Cuando los animales reinaban en la Tierra, eran muy fieros y sedientos
de sangre, y mataron a todos los seres humanos que entonces
llenaban los bosques, excepto una doncellita y su hermano, que vivían
muy apartados. El hermanito era muy pequeño de tamaño, pero ella
poseía una estatura normal y por lo tanto era mucho más grande que
él. Por esta ventaja en el tamaño, ella se veía obligada a realizar todas
aquellas labores que les permitían subsistir.
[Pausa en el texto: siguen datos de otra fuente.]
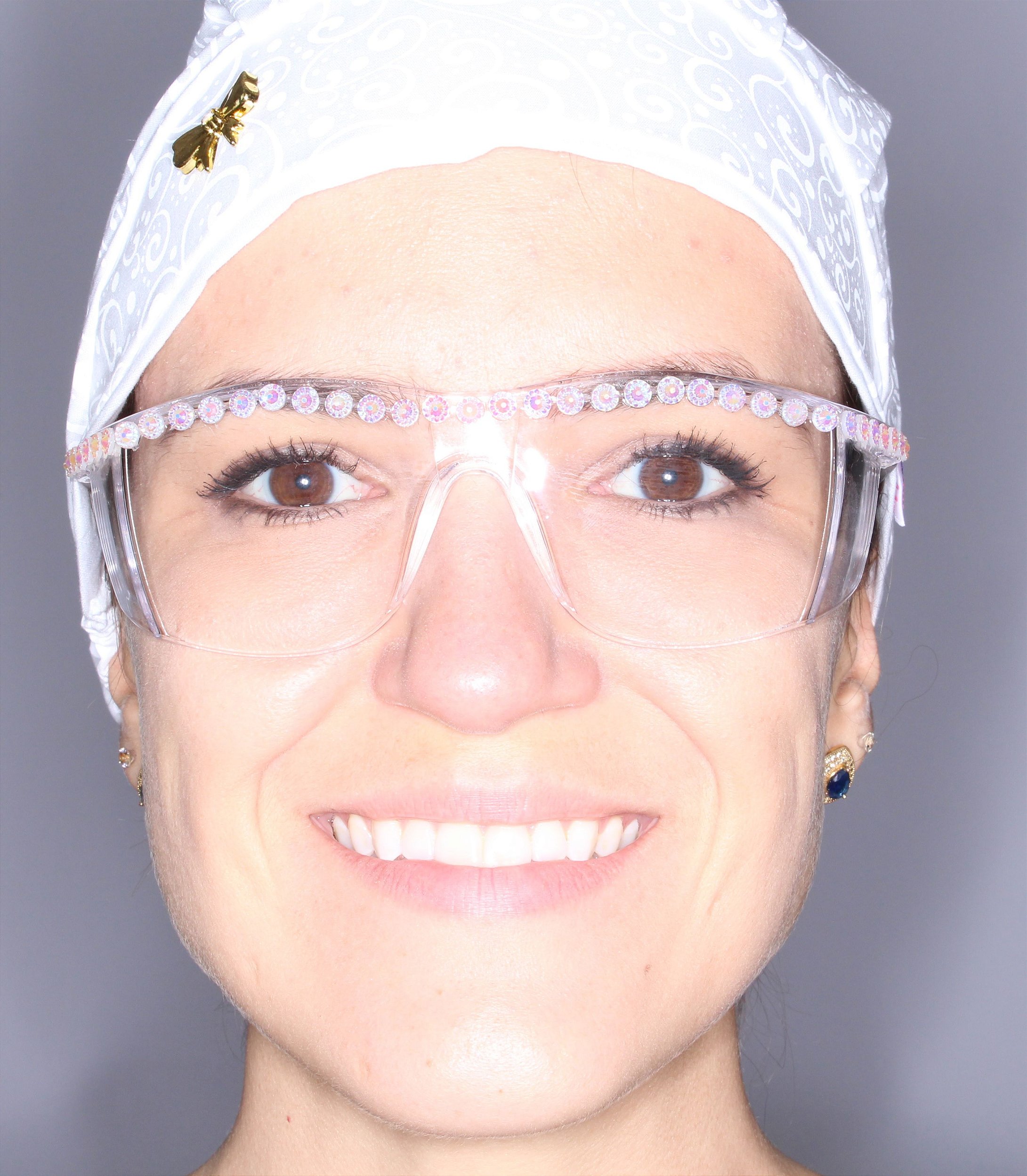 Óculos de proteção com detalhes em strass, disponível em verde, transparente e dourado. São pedras furta cor, ou seja, brilham e alteram a tonalidade conforme a luz.
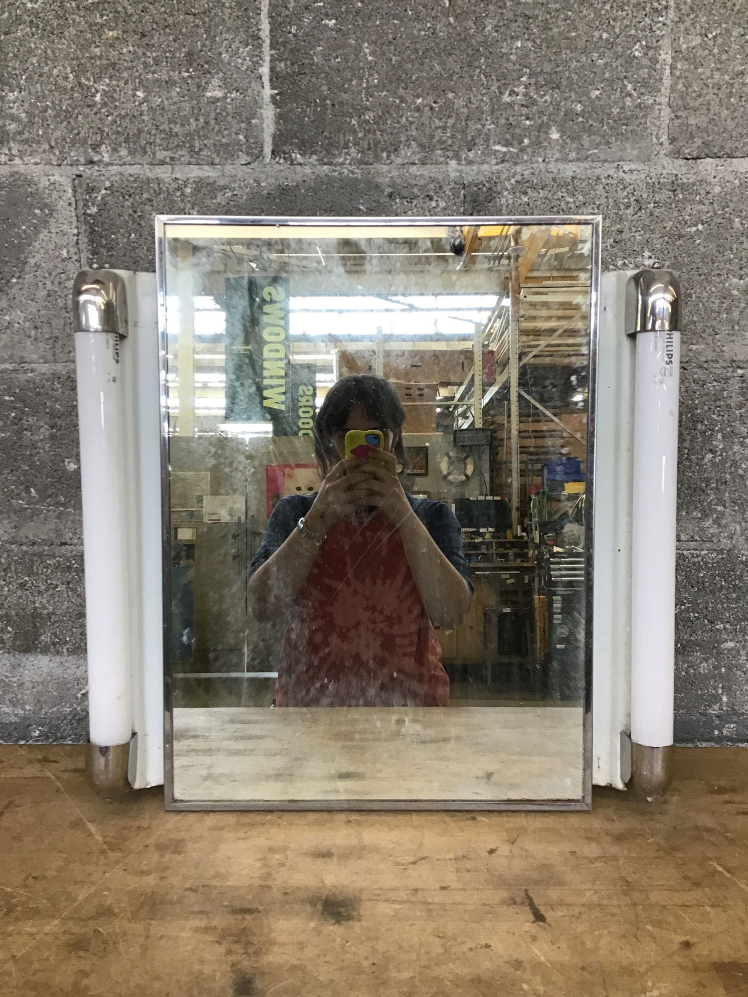 Cool vintage medicine cabinet with flanking fluorescent lights, sold untested and it has no shelves.
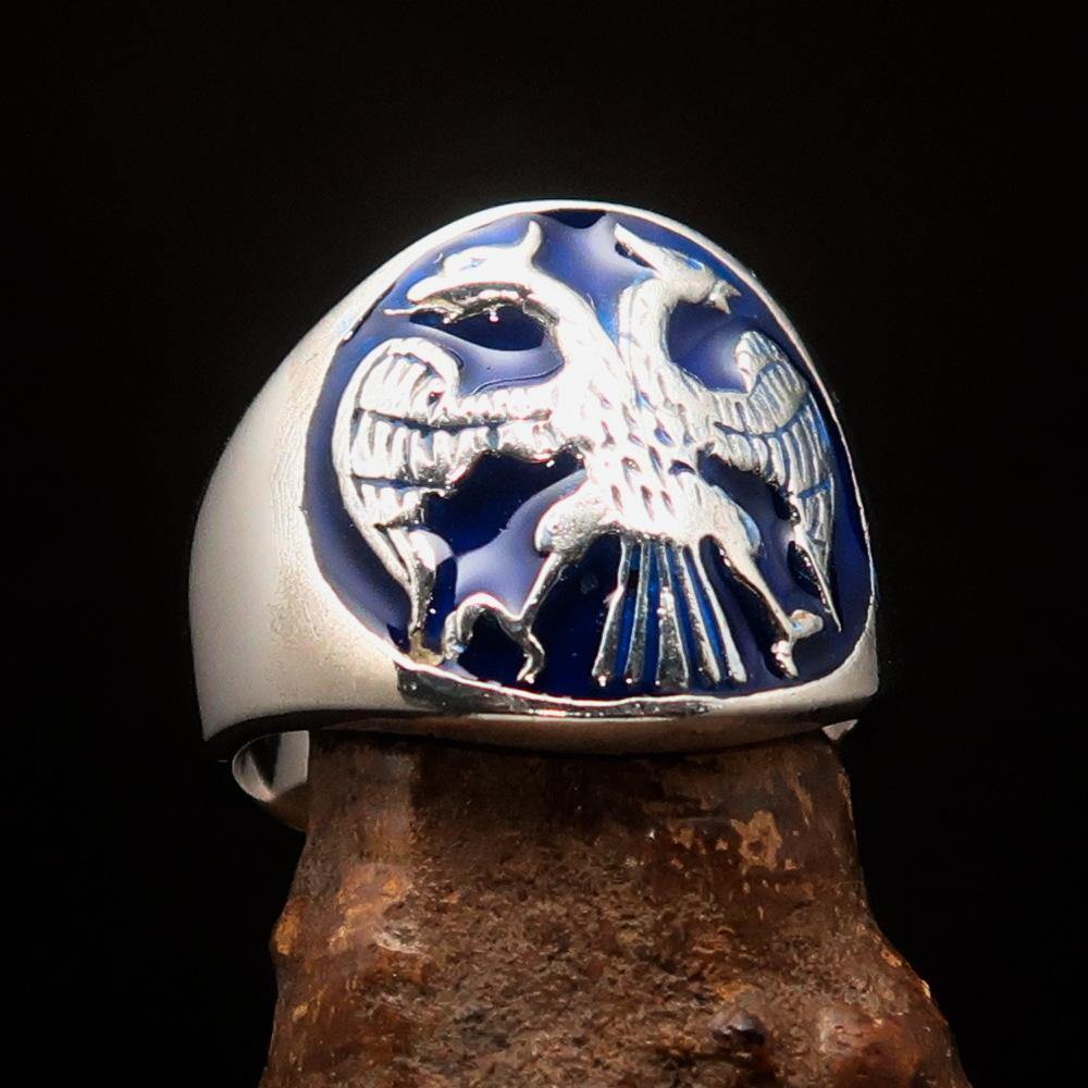 Excellent Crafted Ancient Men's Twin Head Eagle Ring in Blue, made of sterling silver with intricate twin head eagle design and polished enamel finish.
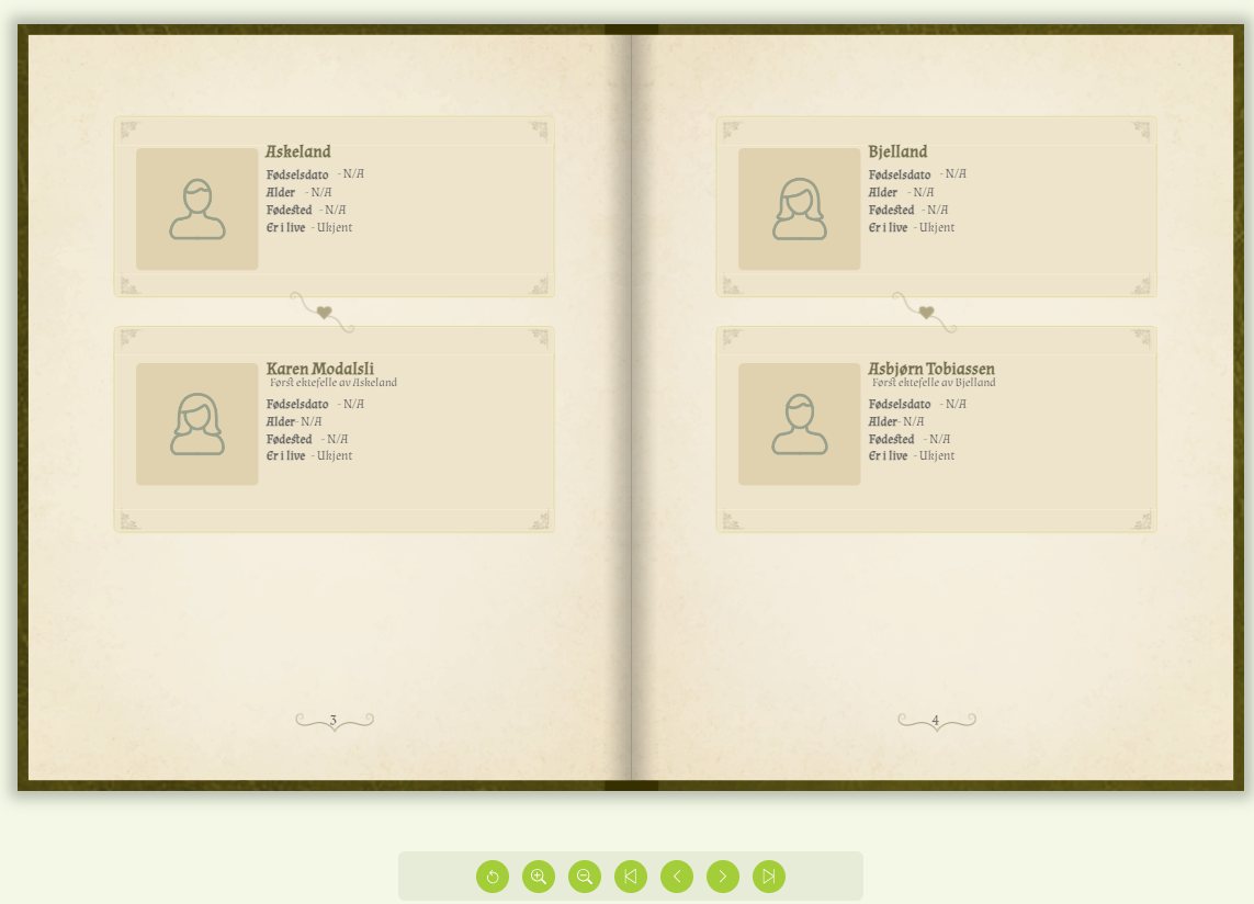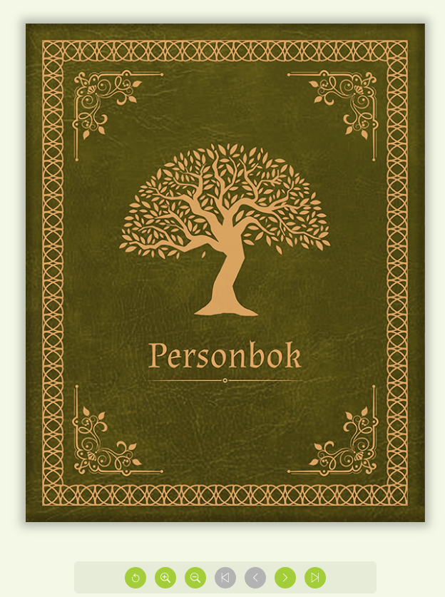 Personboken innenholder alle personene familietre. Den fungerer som en «flippbok», hvor det er mulig å bla gjennom sidene og få tilgang til informasjon om hver enkelt person.
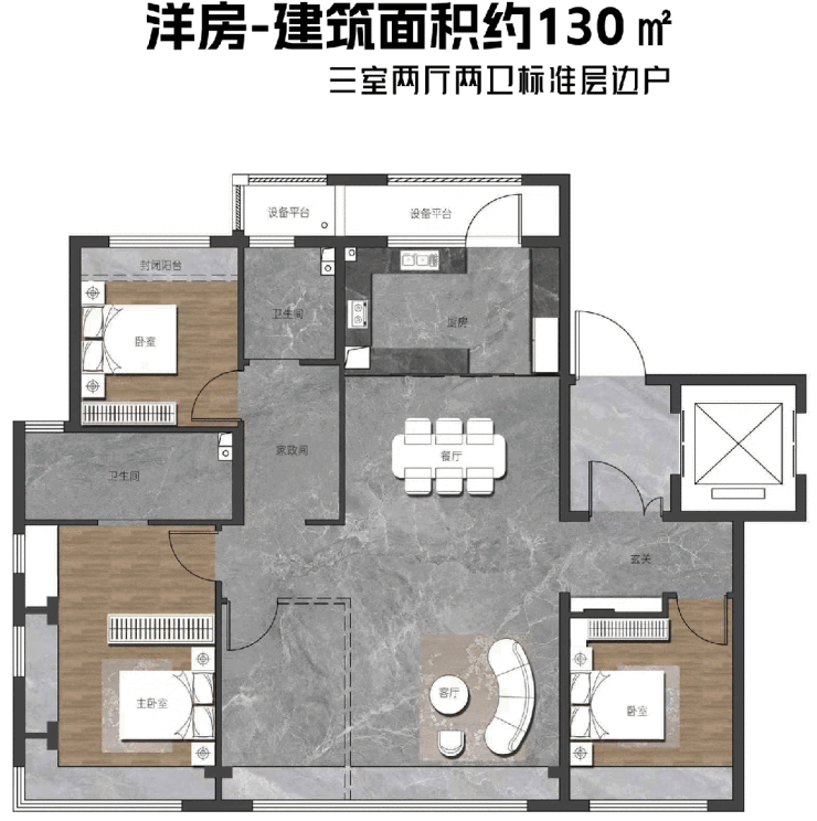 建筑面积约107㎡的小高层户型,采用了「两梯两户纯板式架构」,彻底告别传统两梯四户带连廊设计。
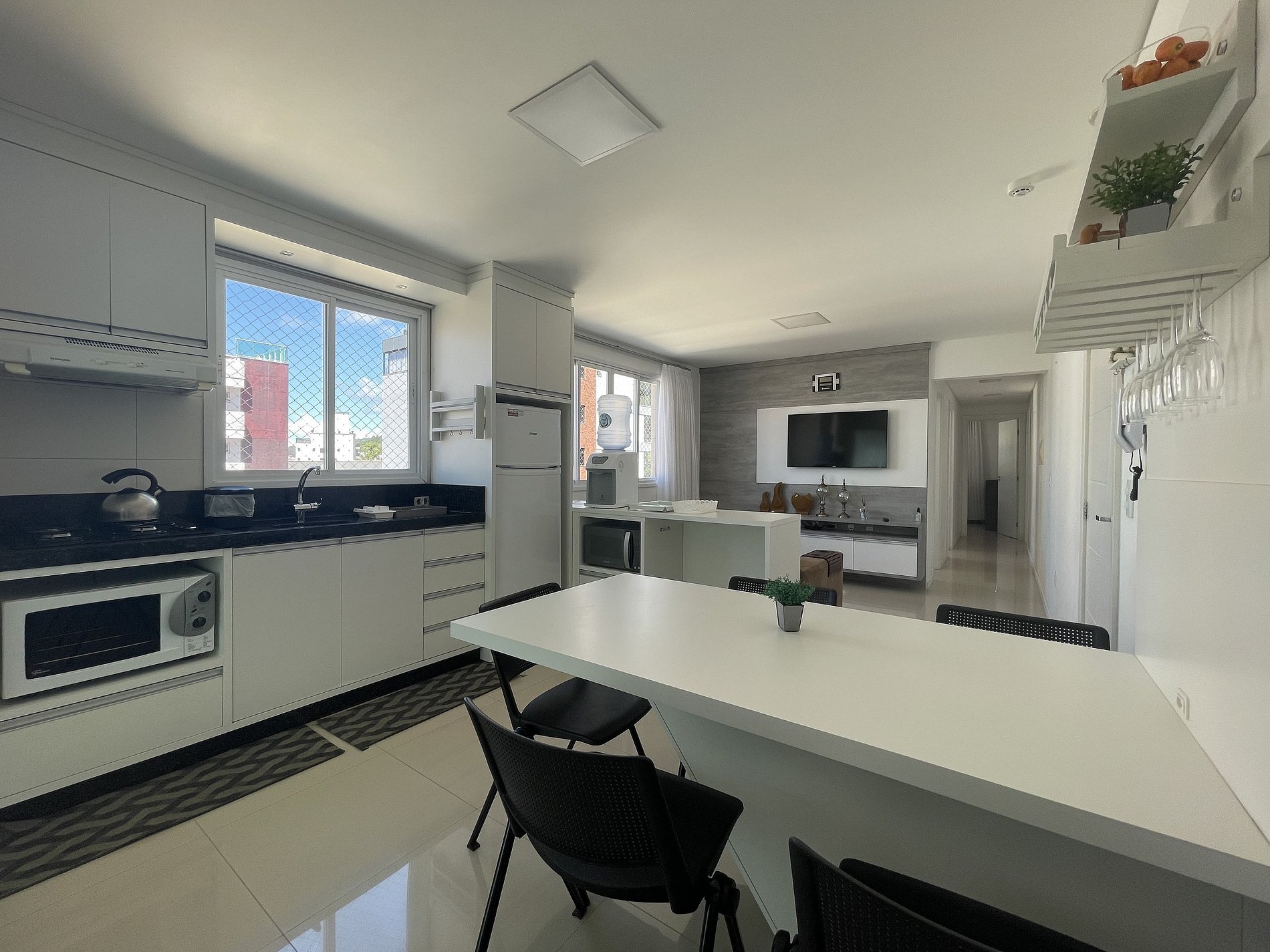 Completamente mobiliado e equipado: ambientes prontos para receber você, incluindo cozinha completa e sala de estar aconchegante.
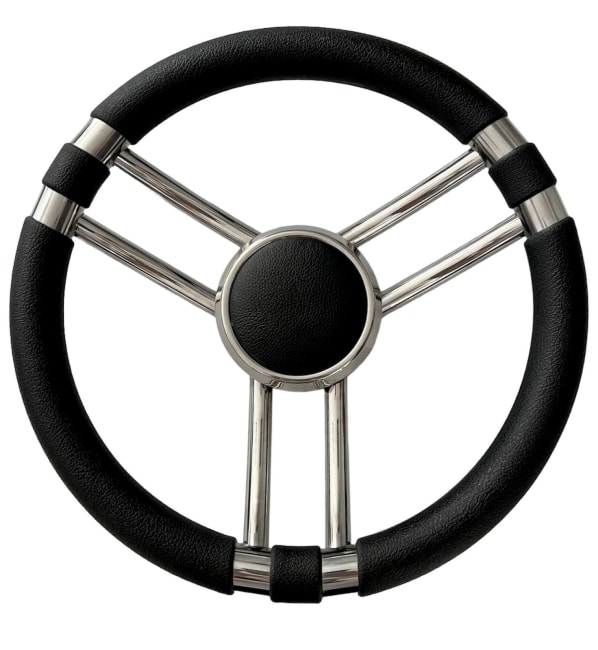 Savoretti ratt i syrefast med sort polyuretan grep og senterkopp med sort skinn.
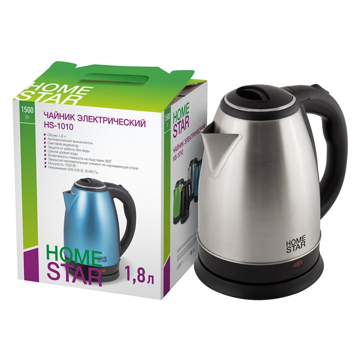 Чайник HOMESTAR HS-1010 объемом колбы 1.8 л, выполнен в стальном корпусе, надежный и практичный, удобен в бытовых целях.
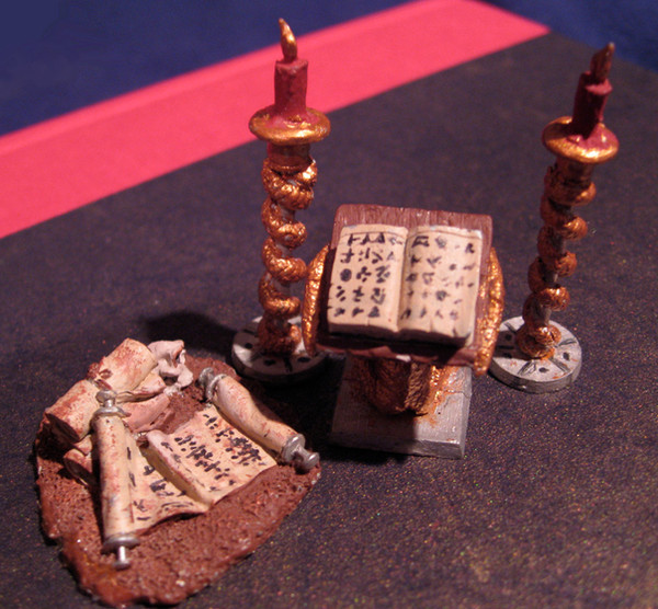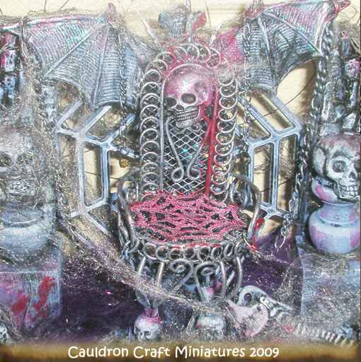 This is an altered 1" scale miniature set. I used Skeleton warriors and spawn bits, a lot of epoxy putty, vintage jewelry, sculpy, and vintage fabrics. Painted in acrylic and inks. Personal collection.Related content
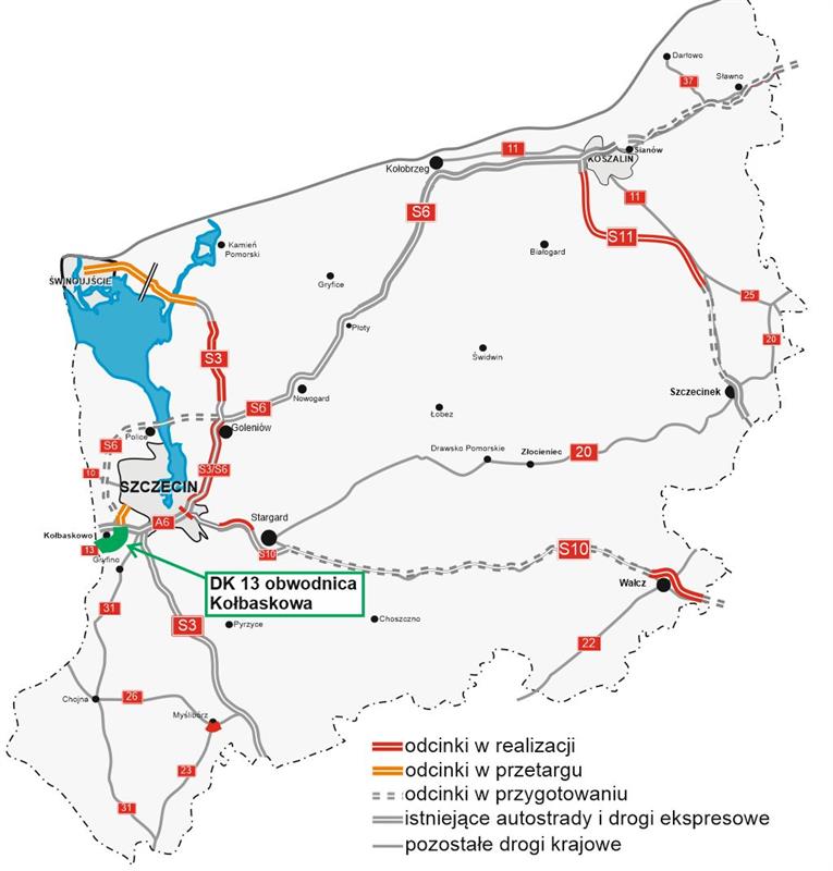 - To jedna z dziewięciu inwestycji w województwie zachodniopomorskim przewidzianych do realizacji w ramach rządowego Programu budowy 100 obwodnic - informuje Mateusz Grzeszczuk, główny specjalista ds. komunikacji społecznej w Generalnej Dyrekcji Dróg Krajowych i Autostrad Oddział w Szczecinie. - Dla wszystkich inwestycji z Programu 100 obwodnic w woj. zachodniopomorskim trwają już prace nad dokumentacją lub wszczęte zostały przetargi na jej opracowanie.
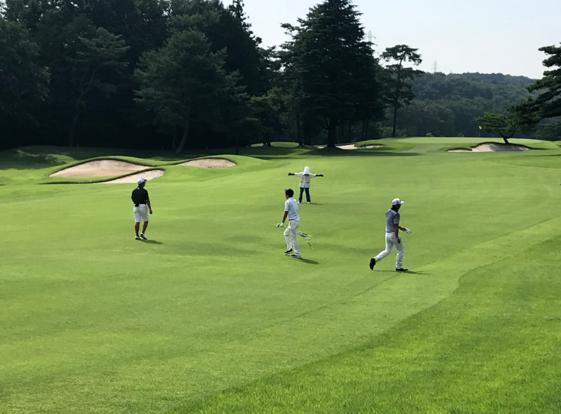 スタート時間まであと20分。F君は練習グリーンでパッティングし、グリーンの速さにタッチを合わせます。さすが幾多のトーナメントを開催してきた名門コース。グリーンコンディションは最高です。
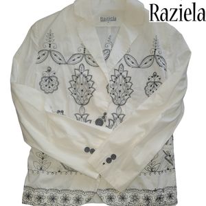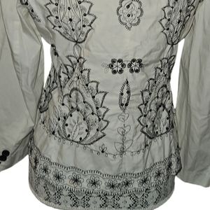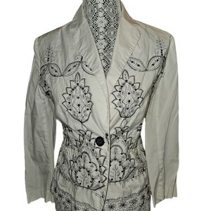 Rziela is a Tel Aviv designer, This is an embroided and sequined jackets, black on white, back and front.

Una mañana de invierno la joven doncella dijo a su hermano que
ella lo dejaría en la casa cuando marchara a los bosques para buscar la
comida.
El día llegó y ella dio a su hermano un arco y algunas flechas y le
dijo que se escondiera bien hasta que viera llegar el pájaro de las nieves,
el cual vendría a picar los gusanos que ella le había dejado en un
tronco cercano.
-Cuando el pájaro aparezca -le dijo-, coge el arco y tírale las flechas.
Y
tras decirle esto, lo dejó bien escondido, y se marchó.
El joven hermano obedeció cuanto le indicara su hermana, pero no
tuvo suerte. El pájaro vino, le disparó la flecha y no lo tocó.
Cuando su hermana regresó y supo lo sucedido le aconsejó que no
se descorazonara, y le permitió ejercitarse con su arco y su flecha.
Al día siguiente, la muchacha marchó otra vez a los bosques y su
hermanito quedó esperando al pájaro. Lo vio y le lanzó una flecha y,
para su gran goce, lo alcanzó, y cuando su hermana vino al anochecer
se lo mostró orgullosamente.
-Mi hermana -le dijo-, me gustaría que le quitaras la piel a este
pájaro, y a todos los otros que yo vaya matando, y así, cuando tenga
muchas pieles, me harás un lindo abrigo con ellas.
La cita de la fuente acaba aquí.